O Twente é até mais conservador no uso dos jovens, mas os experimenta: os atacantes Edwin Gyasi e Joey Pelupessy, além do defensor alemão Mirco Born, já aparecem vez por outra na Eredivisie. O grande destaque da boa campanha do Vitesse é o meia Marco van Ginkel, de 20 anos (pré-convocado para o amistoso entre Holanda e Alemanha, por sinal). Assim como outro atacante, Mikhail Rosheuvel, no AZ. Na boa campanha que faz na liga, o Utrecht tem no armador australiano Tommy Oar seu grande destaque.
E até grandes times do exterior aproveitam para usar o torneio como “tubo de ensaio” de suas revelações. O Manchester City, por exemplo, fez isso com John Guidetti, no Feyenoord. E está fazendo com Dedryck Boyata, cedido ao Twente. Isso, fora os talentos que já vêm ganhando espaço na seleção, sob a reformulação que Louis van Gaal impôs: Van Rhijn, Clasie, Schaken, Martins Indi…
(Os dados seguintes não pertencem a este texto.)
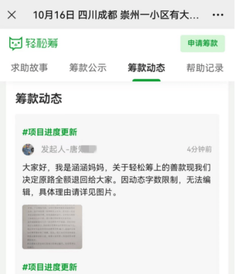 25日晚,四川被犬咬伤2岁女童涵涵的母亲邓女士也发声,表示将在轻松筹募集的捐款全额退回。
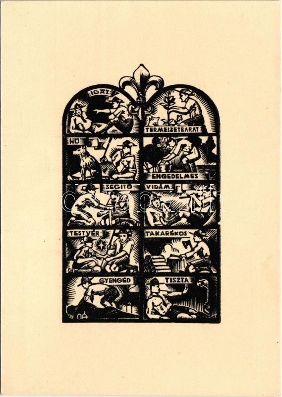 A cserkész tízparancsolata. Nagy Árpád eredeti fametszete után. Felelő... https://www.darabanth.com/en/437-Online-auction/437.0/Postcards/Scout~1500025/A-cserkesz-tizparancsolata-Nagy-Arpad-eredeti-fametszete-utan-Felelos-kiado-Hanzely-Hung~II2849301

Mas é sempre bom ter em mente: não é por isso que a Holanda pode ser considerada um celeiro inesgotável de talentos. Um jogador experiente, que controle o ímpeto da molecada, embora possa não ser tão técnico, é tão útil quanto um garoto que surja imponente em um jogo ou outro. O importante não é aparecer bem, é continuar bem. O caminho para alcançar a fama e o talento de um Sneijder não é fácil. E é para percorrê-lo que os jovens da Eredivisie têm de se focar. Só aí a novidade continuará sendo o máximo.
Dedo podre
A edição passada da coluna falava da boa campanha do Vitesse. Pois bem: na 10ª rodada, finalmente a invencibilidade chegou ao fim. AZ 2 a 1, em Arnhem mesmo. Não é que o resultado tenha sido ruim – apesar dos pesares, os aurinegros continuam em terceiro lugar. Mas… novamente, a coluna se revela um verdadeiro iceberg pedólatra.